• _Problem to solve_
In the material below, begin at the line that has "Women Autumn Ethnic", stop after the line that has "- 청구 유형별로 진단서·입퇴원확인서·약제비 영수증 등 추가 서류 준비", and transcribe those lines exactly, without pictures.

• _Dataset_
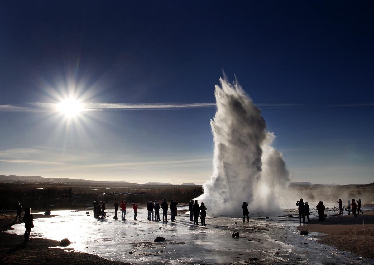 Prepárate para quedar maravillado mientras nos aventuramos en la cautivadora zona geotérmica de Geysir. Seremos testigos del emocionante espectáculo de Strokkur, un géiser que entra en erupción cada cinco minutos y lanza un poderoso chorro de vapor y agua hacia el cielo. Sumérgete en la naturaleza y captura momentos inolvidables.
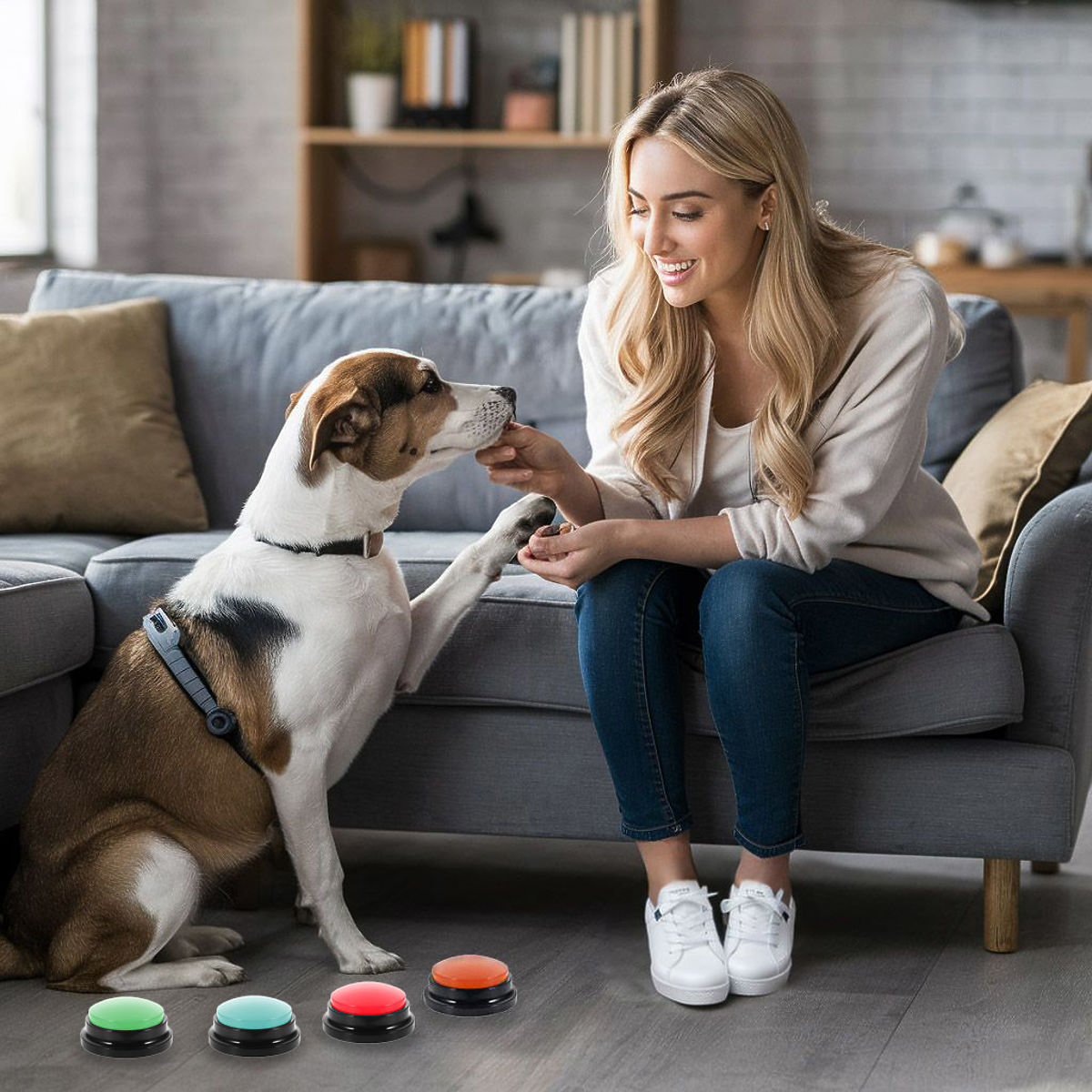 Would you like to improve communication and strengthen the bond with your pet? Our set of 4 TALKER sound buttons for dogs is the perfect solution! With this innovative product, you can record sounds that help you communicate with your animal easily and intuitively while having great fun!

--

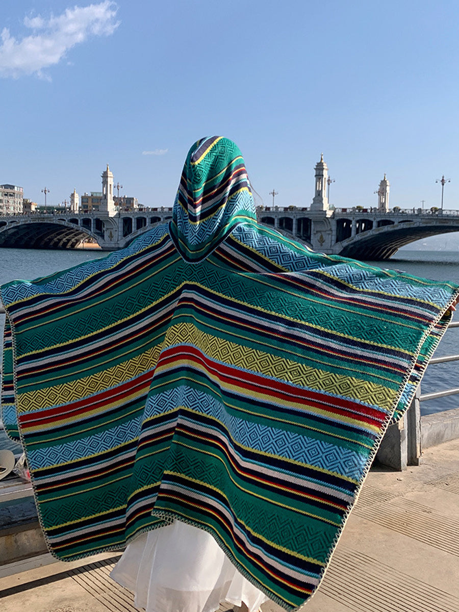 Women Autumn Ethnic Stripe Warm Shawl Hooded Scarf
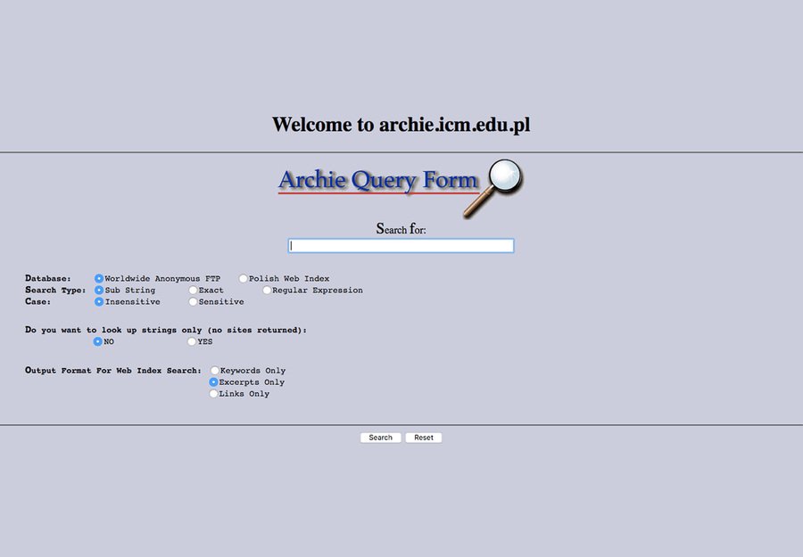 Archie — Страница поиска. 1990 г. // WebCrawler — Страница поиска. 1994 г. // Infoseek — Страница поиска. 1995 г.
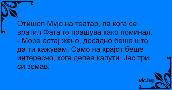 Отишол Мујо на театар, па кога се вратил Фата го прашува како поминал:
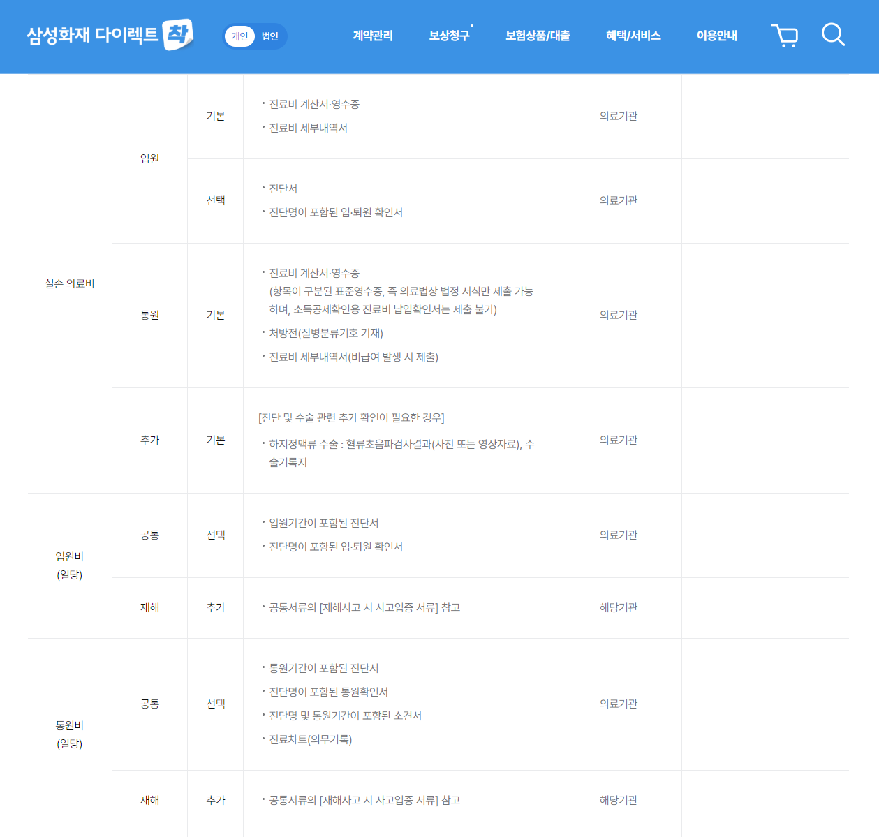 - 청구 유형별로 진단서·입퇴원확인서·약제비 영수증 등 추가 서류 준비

• _Finished task_
 Women Autumn Ethnic Stripe Warm Shawl Hooded Scarf
 Archie — Страница поиска. 1990 г. // WebCrawler — Страница поиска. 1994 г. // Infoseek — Страница поиска. 1995 г.
 Отишол Мујо на театар, па кога се вратил Фата го прашува како поминал:
 - 청구 유형별로 진단서·입퇴원확인서·약제비 영수증 등 추가 서류 준비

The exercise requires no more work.